Exercise brief – Output each line of the data below exactly, omitting any image.

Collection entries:
+ + + + +

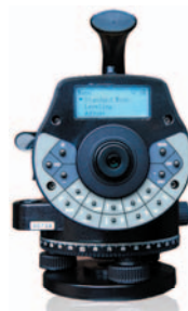
View Finder Side
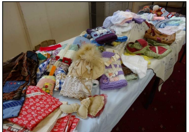
A wonderful display by the Craft Group showing a wide variety of work.
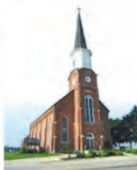
St. Aloysius Carthagen
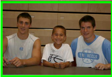
Campers took personal photos with 2009 National Champions Tyler Hansbrough and Bobby Frasor of UNC

"I've been going to Sky High Basketball Camp for 4 years and it's my favorite summer camp. The coaches are great and the camp really improved my basketball skills. And, I got some good autographs!"
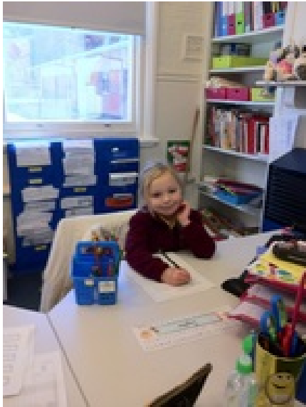
Sit at the teacher's desk

At the beginning of Term 3, K-2 classes introduced a new positive behaviour system. Students are rewarded with a level on "the beehive" when they demonstrate whole body listening and follow the school values. When they reach the 'top of the beehive', the students choose a reward and start all over again. It has been a great success! Here are some of the choices that students have made in Kindergarten.
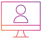
In-Person & Online Events
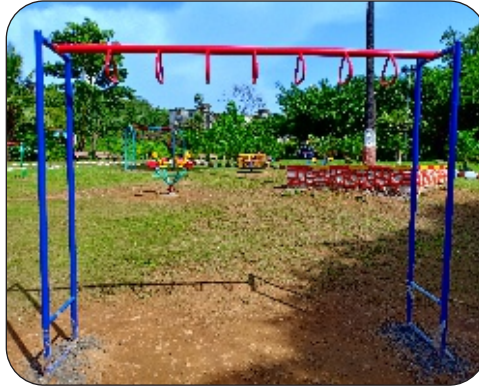
CLT - 10 ( Loop Rung )
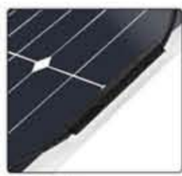
Ip67 Waterproof junction box
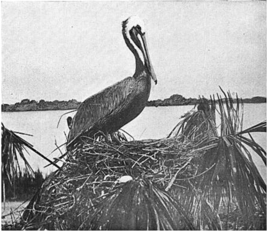
FIG. 1. BROWN PELICAN AND NEST IN YOUNG CABBAGE PALMETTO. The same nest, with a bird seated on it, is shown in the picture below.
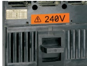
Electrical Hazard Labels
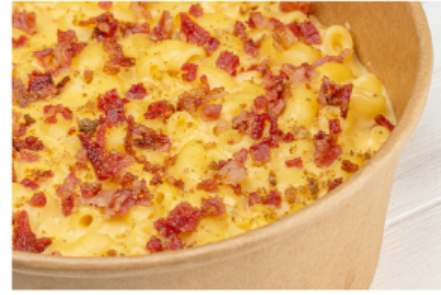
Bacon Mac & Cheese
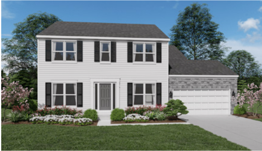
AMERICAN CLASSIC Shown with optional stone and dimensional shingles
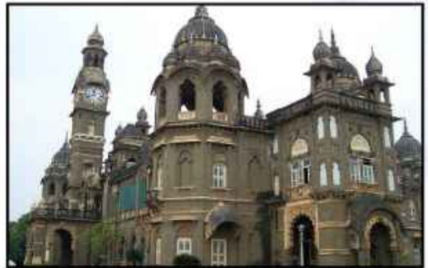
New Palace, Kolhapur
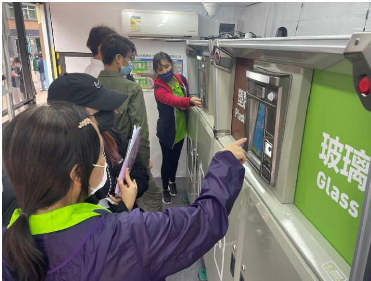
Participants understood more about the importance of clear recycling and smart recycling in the Living Green Sharing Evergreen activities.
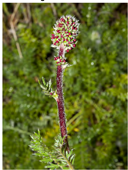
CALIFORNIA ACAENA (Acaena pinnatifida var. californica) Native Perennial - Rose Family - (Mar–May) - Coastal grassland, open, rocky slopes - Stem 4-24" long. Flowers with no petals and purple-black stamens. Leaves finely divided.
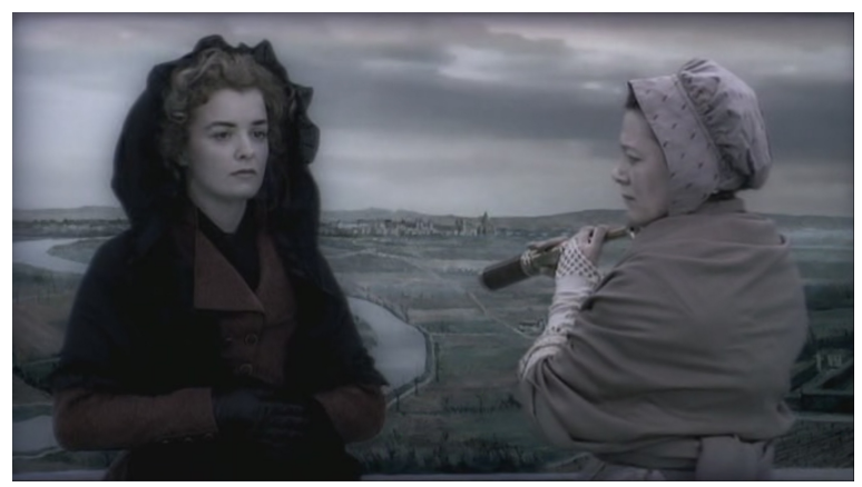
Performances of the past in Eric Rohmer's The Lady and the Duke (L'Anglaise et le Duc , 2001), where actors are digitally inserted into painted tableaux of historical vistas of Paris during the French Revolution.

The nonlinear effect of pure past created by the film's performance of the past lies in the fact that, unlike mimetic representation, which aims for recognition, resemblance and a homogenising understanding of reality, resulting in a chronological presentation of time, performance displaces the actual present of the past, "by which the past is embodied only in terms of a present that is different from that which it has been" (Deleuze, "Bergsonism" 71). Here, history is not just a way of chronologically arranging facts and events of the past, of understanding the past through the linear tracing of cause and effect, but is grasped through a different logic, where a nonlinear sensation of time allows us to enter the rhizome of the past. In such rhizome, history can be grasped through the artistic quality of haecceity—the spatiotemporal experience of speeds, movements, textures and affects.

+ + + + +

Result of the exercise –
View Finder Side
A wonderful display by the Craft Group showing a wide variety of work.
St. Aloysius Carthagen
Campers took personal photos with 2009 National Champions Tyler Hansbrough and Bobby Frasor of UNC

"I've been going to Sky High Basketball Camp for 4 years and it's my favorite summer camp. The coaches are great and the camp really improved my basketball skills. And, I got some good autographs!"
Sit at the teacher's desk

At the beginning of Term 3, K-2 classes introduced a new positive behaviour system. Students are rewarded with a level on "the beehive" when they demonstrate whole body listening and follow the school values. When they reach the 'top of the beehive', the students choose a reward and start all over again. It has been a great success! Here are some of the choices that students have made in Kindergarten.
In-Person & Online Events
CLT - 10 ( Loop Rung )
Ip67 Waterproof junction box
FIG. 1. BROWN PELICAN AND NEST IN YOUNG CABBAGE PALMETTO. The same nest, with a bird seated on it, is shown in the picture below.
Electrical Hazard Labels
Bacon Mac & Cheese
AMERICAN CLASSIC Shown with optional stone and dimensional shingles
New Palace, Kolhapur
Participants understood more about the importance of clear recycling and smart recycling in the Living Green Sharing Evergreen activities.
CALIFORNIA ACAENA (Acaena pinnatifida var. californica) Native Perennial - Rose Family - (Mar–May) - Coastal grassland, open, rocky slopes - Stem 4-24" long. Flowers with no petals and purple-black stamens. Leaves finely divided.
Performances of the past in Eric Rohmer's The Lady and the Duke (L'Anglaise et le Duc , 2001), where actors are digitally inserted into painted tableaux of historical vistas of Paris during the French Revolution.

The nonlinear effect of pure past created by the film's performance of the past lies in the fact that, unlike mimetic representation, which aims for recognition, resemblance and a homogenising understanding of reality, resulting in a chronological presentation of time, performance displaces the actual present of the past, "by which the past is embodied only in terms of a present that is different from that which it has been" (Deleuze, "Bergsonism" 71). Here, history is not just a way of chronologically arranging facts and events of the past, of understanding the past through the linear tracing of cause and effect, but is grasped through a different logic, where a nonlinear sensation of time allows us to enter the rhizome of the past. In such rhizome, history can be grasped through the artistic quality of haecceity—the spatiotemporal experience of speeds, movements, textures and affects.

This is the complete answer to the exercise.